Produced by the House of Commons Information Office this pack of 52 cards and 4 jokers was meant to serve as a civic guide to the UK Parliament and was sometimes distributed to visiting groups. Each card has 4 corner indices and in the centre is a piece of information. The spade suit covers Legislation; clubs cover MPs and elections; hearts give information about History; and diamonds the House of Commons. The pack was produced 2007, at a time when there 646 Members of Parliament (see jack of clubs) and when the salary of a Member was £61,820 (see 3 of clubs).
Interestingly, the information on the six and seven of diamonds dates to the time when playing cards are first recorded in European history.
By Peter Burnett
Member since July 27, 2022
I graduated in Russian and East European Studies from Birmingham University in 1969. It was as an undergraduate in Moscow in 1968 that I stumbled upon my first 3 packs of “unusual” playing cards which fired my curiosity and thence my life-long interest. I began researching and collecting cards in the early 1970s, since when I’ve acquired over 3,330 packs of non-standard cards, mainly from North America, UK and Western Europe, and of course from Russia and the former communist countries.

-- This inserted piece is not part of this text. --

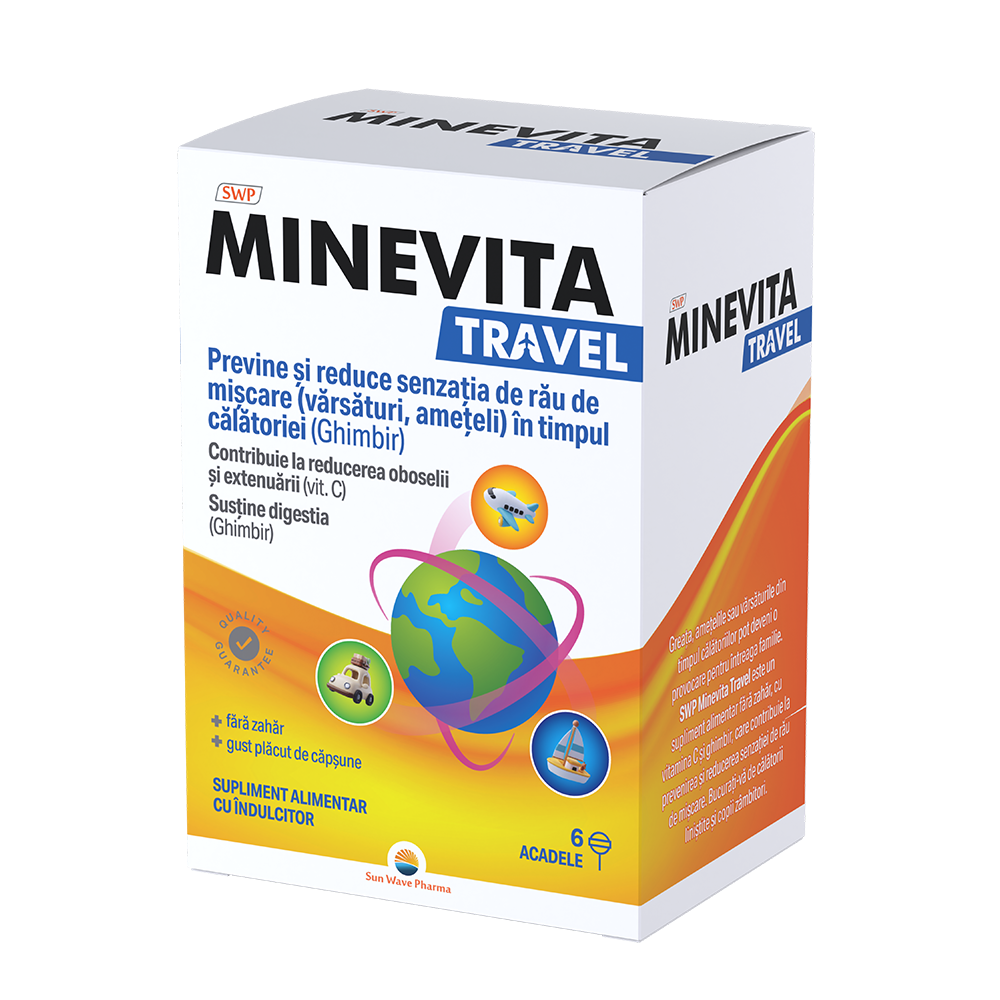Minevita Travel este un supliment alimentar sub formă de acadele, cu extract de ghimbir și vitamina C, conceput pentru a fi utilizat înainte și în timpul călătoriilor, ca parte a unui stil de viață activ.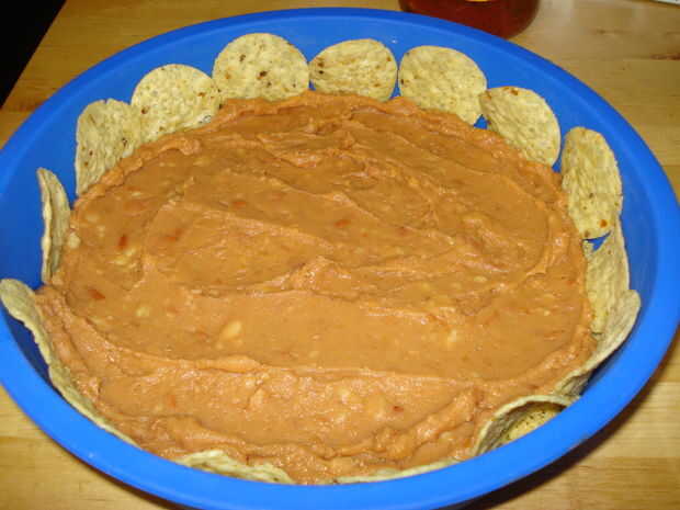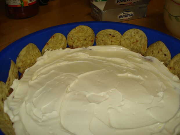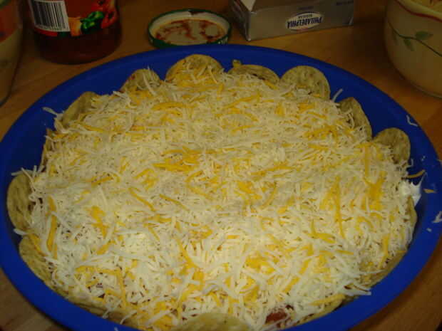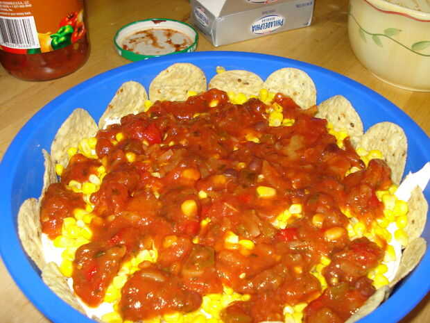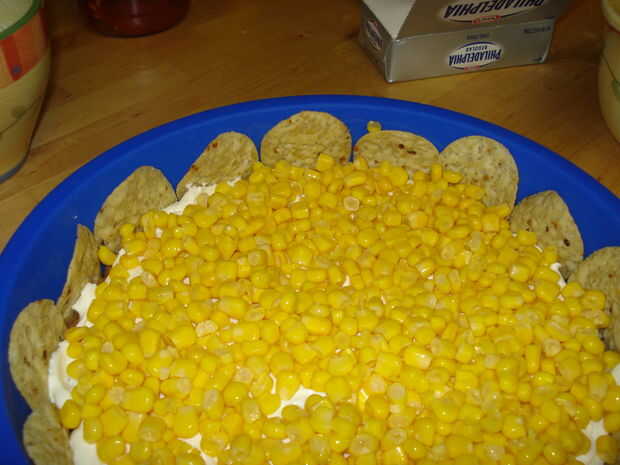 Aplique una capa de frijoles refritos en la corteza. Nota: Tenga cuidado al separarse los frijoles si no había precocido la corteza. Los granos pueden tirar un poco de la corteza. A continuación, extender la crema de queso sobre los frijoles (puede que necesite ablandar el queso crema o utilizar una variedad batida). Escurrir la lata de maíz y el maíz encima de la crema de queso de capa. Luego agregar una capa de la salsa sobre el maíz. Por último, espolvorear todo con una buena cubierta de queso.

Following my retirement from the Bodleian Library in Dec. 2007 I took up a new role as Head of Library Development at the International Network for the Availability of Scientific Publications (INASP) to support library development in low-income countries. This work necessitated regular training visits to many sub-Saharan African countries and also further afield, to Vietnam, Nepal and Bangladesh – all of which provided rich opportunities to further expand my playing card collection.
Since 2019 I’ve been working part-time in the Bodleian Library where I’ve been cataloguing the bequest of the late Donald Welsh, founder of the English Playing Card Society.